Moshe Mann (; 13 April 1907 – 17 October 2004) was an Israeli military officer who was the first commander of the Golani Brigade.

Biography
Moshe Mann was born in Turka, Austro-Hungarian Empire (today Ukraine). This area became part of Poland after World War I. He immigrated to Mandatory Palestine in 1926 from Lviv, as part of HaShomer HaTzair movement. He lived in a kibbutz near Haifa and participated in the founding of the National Kibbutz Movement. He joined the Haganah and moved to Merhavia.

Military career
Mann was involved in building several pre-state Jewish police and paramilitary organizations, including the Notrim, Hish and Palmach.

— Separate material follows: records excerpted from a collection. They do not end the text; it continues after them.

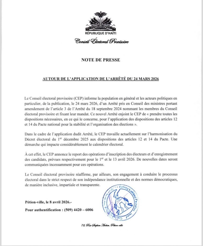 PORT-AU-PRINCE, April 8 (Reuters) – Haiti’s CEP electoral council said on Wednesday it was postponing a voter registration that should have begun on April 1, adding it would shortly announce new dates to register for the nation’s first presidential election in a decade.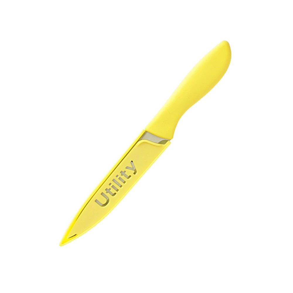 Prepare fresh ingredients for cooking with the razor sharp and perfectly balanced Scullery Kolori Stainless Steel Utility Knife! Versatile in function, this knife comes in handy for slicing and dicing vegetables, fruits, cheese and more. It is designed with a professional quality stainless steel blade, crafted with a superior non stick coating that allows for smooth and easy slicing. Boasting a beautiful yellow coloured resin handle and a matching blade protector, this knife is bound to bring a burst of vibrance to your kitchen. The soft touch handle is ergonomic in design, crafted for your comfort and ease of use while offering maximum grip. Ultra-durable and easy to clean, the Kolori Utility Knife by Scullery is dishwasher safe for your convenience. Mix and match with additional essential knives from the Kolori range for the ultimate culinary collection.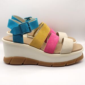 Sorel Joanie III Ankle Strap Wedge Sandals Size 8.5 Multicolor Teal Pink Gum New

He participated in the Haganah's first rifle course and became an instructor. One of his students was Yigal Allon. He was then responsible for commanding the Afula area forces, and from 1939 the entire Jezreel Valley. During this time he worked with Orde Wingate. In 1942 he was tasked with curbing the activities of the Irgun and Lehi in his area under the nickname "Saadya".

With the forming of the military structure of the Haganah from 1946 onward, Mann was appointed to head the newly created Levanoni Brigade, controlling the north of the country. As the 1947–48 Civil War in Mandatory Palestine broke out, the brigade split into two—Golani and Carmeli—and Mann got the command of Golani. One of Mann's first actions as commander of the north was to organize the Jewish pioneers in the Birya affair.

During his tenure as Golani commander he was responsible among other things for the call-up of able men and women into the brigade and HIM in the areas under Golani's jurisdiction, and acquiring arms from the local population for the war effort. The most notable events of his tenure as commander of that brigade were the Battles of the Kinarot Valley in May 1948.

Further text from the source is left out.